* [Work to be completed]: Among the entries that follow, locate the line with "EMEI Caetano Furquim (Regional Leste)" and the line with "Fig. 19 Foro". Output those lines and all lines in between, exactly, minus the pictures.

* [Stored data]:
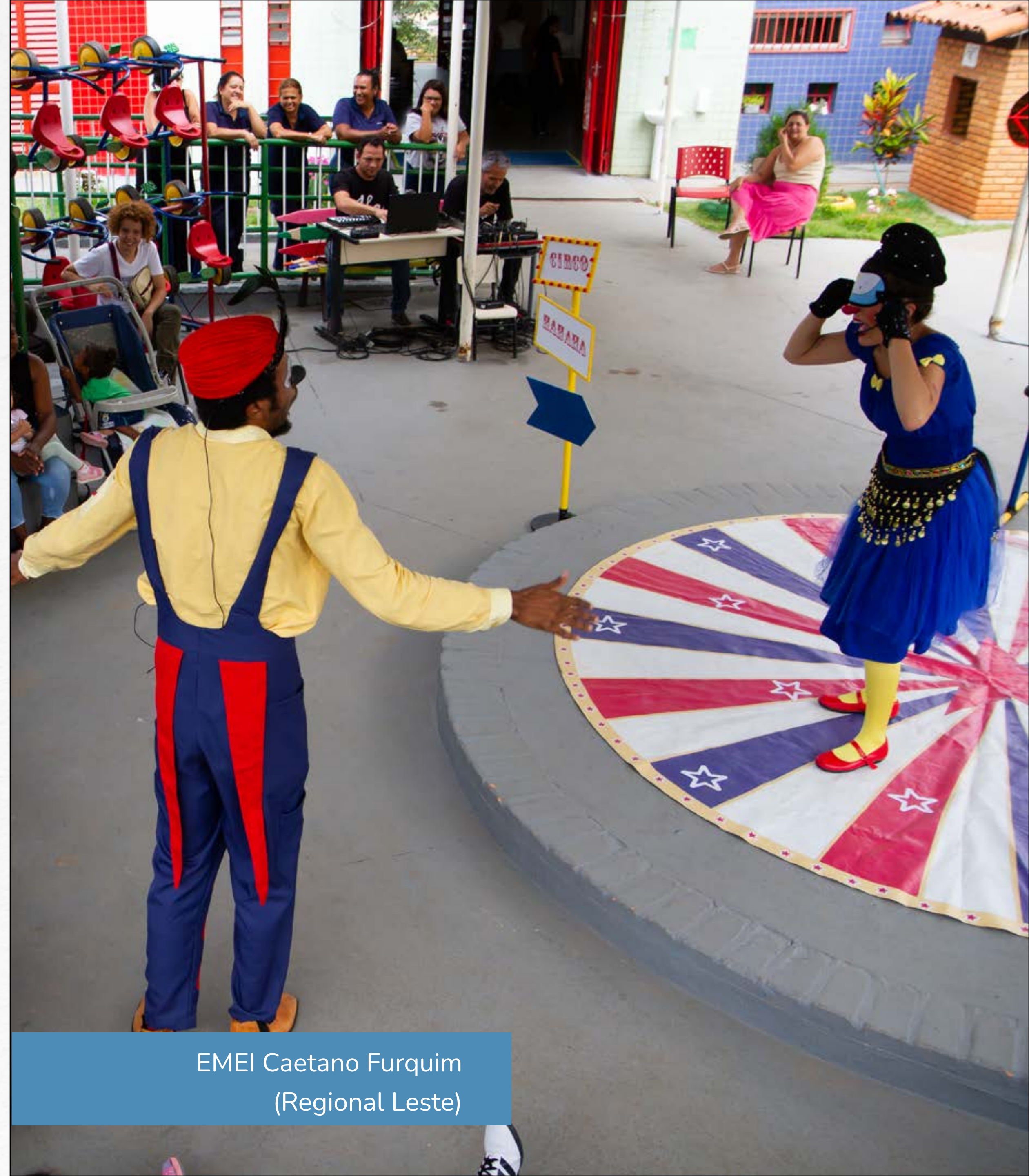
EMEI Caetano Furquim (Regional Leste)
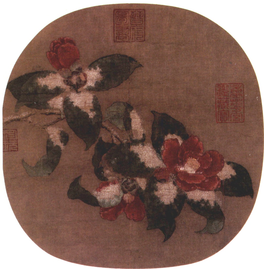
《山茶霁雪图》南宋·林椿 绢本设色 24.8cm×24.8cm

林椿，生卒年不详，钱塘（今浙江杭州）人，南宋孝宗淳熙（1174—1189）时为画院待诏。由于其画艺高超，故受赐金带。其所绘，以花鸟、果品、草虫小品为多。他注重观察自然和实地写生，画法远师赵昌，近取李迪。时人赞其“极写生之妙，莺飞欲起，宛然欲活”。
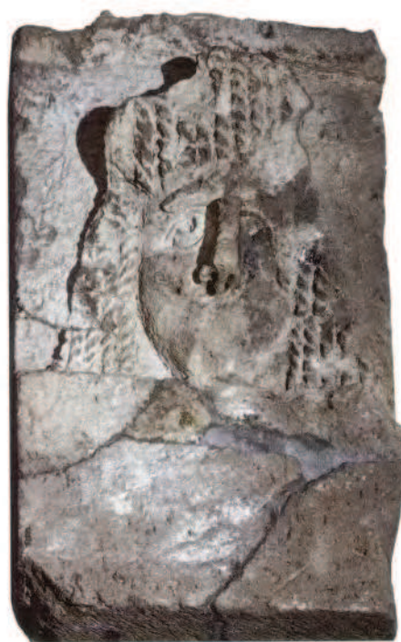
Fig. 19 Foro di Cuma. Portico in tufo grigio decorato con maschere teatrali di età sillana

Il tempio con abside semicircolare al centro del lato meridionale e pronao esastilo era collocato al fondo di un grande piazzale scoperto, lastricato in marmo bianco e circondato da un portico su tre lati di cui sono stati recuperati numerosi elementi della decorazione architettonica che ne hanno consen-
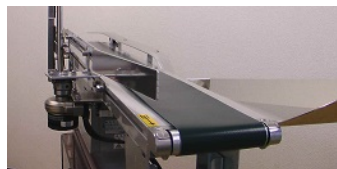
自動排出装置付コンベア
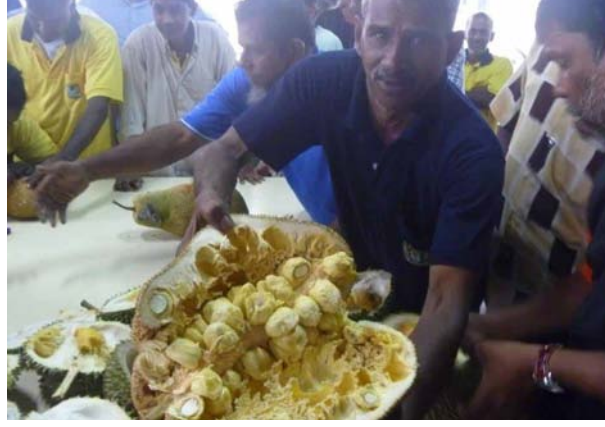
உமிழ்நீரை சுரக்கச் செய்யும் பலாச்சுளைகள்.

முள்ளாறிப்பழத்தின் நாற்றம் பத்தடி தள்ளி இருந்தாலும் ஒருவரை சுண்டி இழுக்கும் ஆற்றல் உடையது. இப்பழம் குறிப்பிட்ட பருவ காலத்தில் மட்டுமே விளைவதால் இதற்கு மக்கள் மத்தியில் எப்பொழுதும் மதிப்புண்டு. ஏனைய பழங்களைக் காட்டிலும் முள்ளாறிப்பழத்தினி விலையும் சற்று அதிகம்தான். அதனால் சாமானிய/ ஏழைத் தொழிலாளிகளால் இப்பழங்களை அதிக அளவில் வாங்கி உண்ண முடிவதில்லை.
--
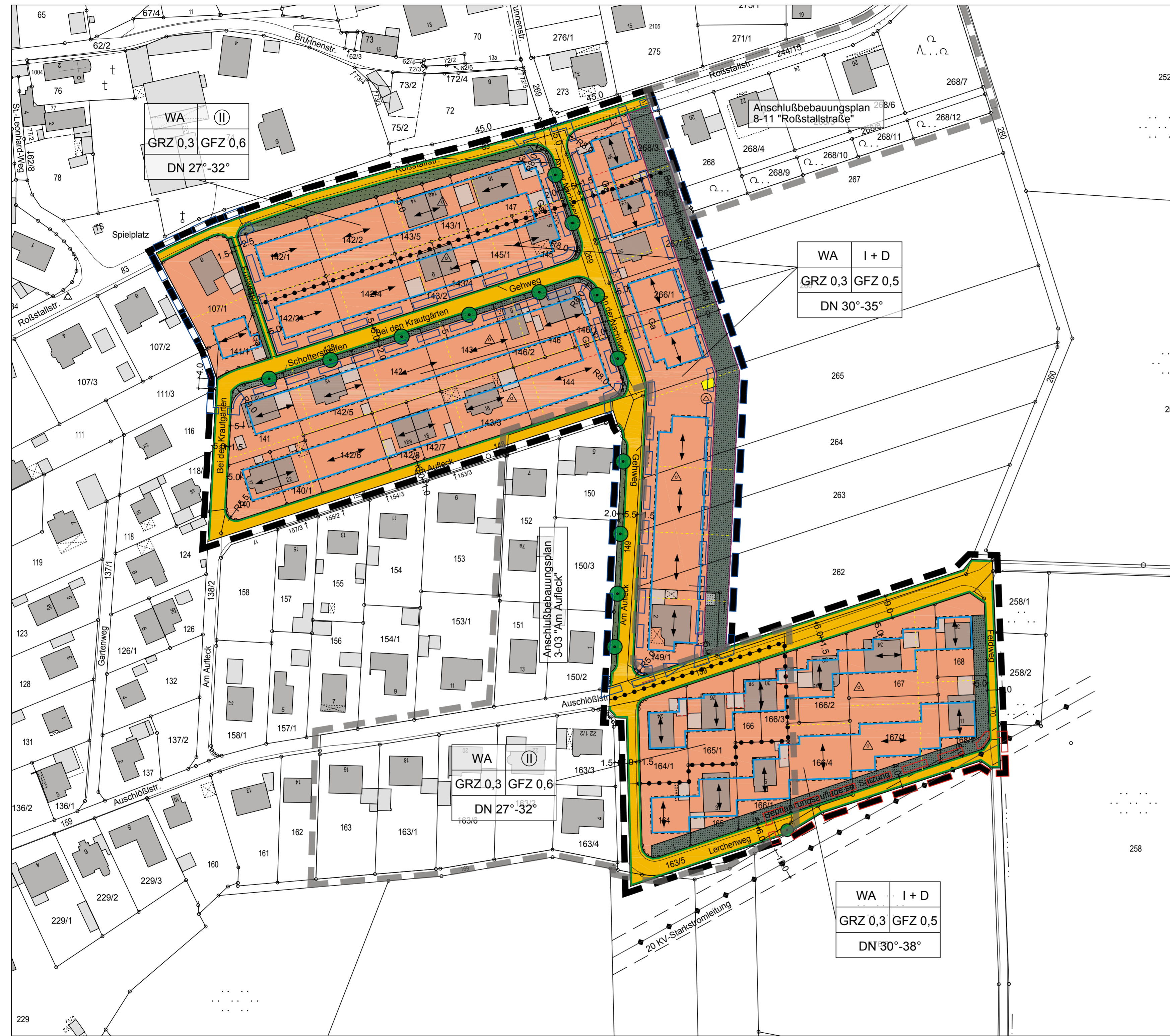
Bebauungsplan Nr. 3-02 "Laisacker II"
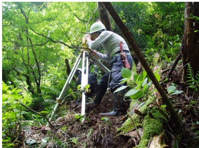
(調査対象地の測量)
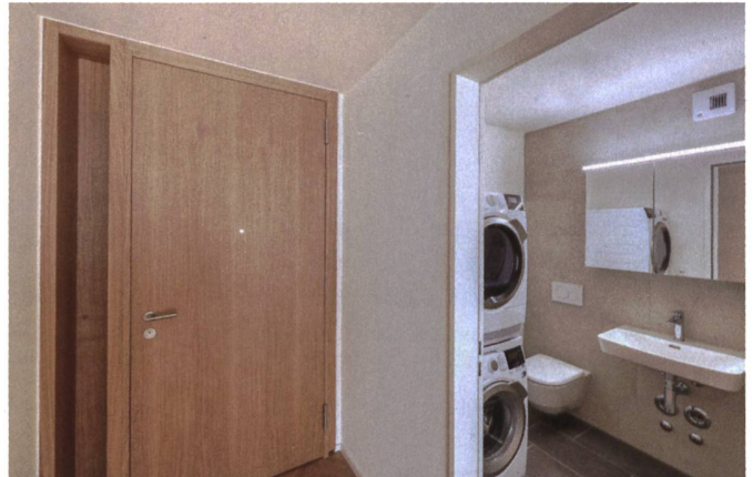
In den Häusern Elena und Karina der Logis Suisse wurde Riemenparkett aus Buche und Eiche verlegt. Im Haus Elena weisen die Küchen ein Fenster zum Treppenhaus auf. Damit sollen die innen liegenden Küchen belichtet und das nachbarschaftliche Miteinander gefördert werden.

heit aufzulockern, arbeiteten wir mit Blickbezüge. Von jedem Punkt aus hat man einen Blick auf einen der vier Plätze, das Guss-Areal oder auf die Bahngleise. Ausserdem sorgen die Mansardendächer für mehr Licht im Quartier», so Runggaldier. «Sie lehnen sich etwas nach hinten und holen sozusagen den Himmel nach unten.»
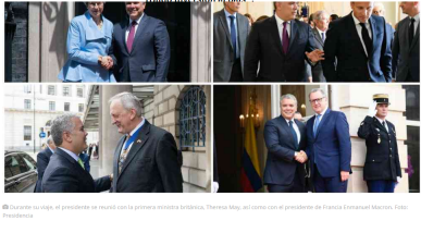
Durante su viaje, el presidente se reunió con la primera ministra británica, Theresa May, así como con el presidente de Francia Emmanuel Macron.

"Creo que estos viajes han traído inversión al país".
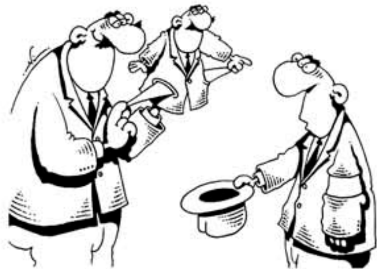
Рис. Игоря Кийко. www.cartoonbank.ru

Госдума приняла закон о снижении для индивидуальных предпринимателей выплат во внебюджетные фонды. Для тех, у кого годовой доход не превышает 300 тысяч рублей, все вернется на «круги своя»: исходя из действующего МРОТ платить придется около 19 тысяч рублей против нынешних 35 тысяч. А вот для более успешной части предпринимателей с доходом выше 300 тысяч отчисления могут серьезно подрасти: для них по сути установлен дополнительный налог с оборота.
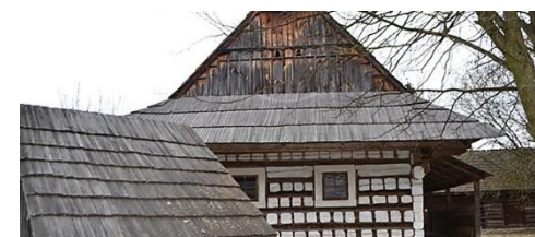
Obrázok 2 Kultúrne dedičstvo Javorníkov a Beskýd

* [Written response]:
EMEI Caetano Furquim (Regional Leste)
《山茶霁雪图》南宋·林椿 绢本设色 24.8cm×24.8cm

林椿，生卒年不详，钱塘（今浙江杭州）人，南宋孝宗淳熙（1174—1189）时为画院待诏。由于其画艺高超，故受赐金带。其所绘，以花鸟、果品、草虫小品为多。他注重观察自然和实地写生，画法远师赵昌，近取李迪。时人赞其“极写生之妙，莺飞欲起，宛然欲活”。
Fig. 19 Foro di Cuma. Portico in tufo grigio decorato con maschere teatrali di età sillana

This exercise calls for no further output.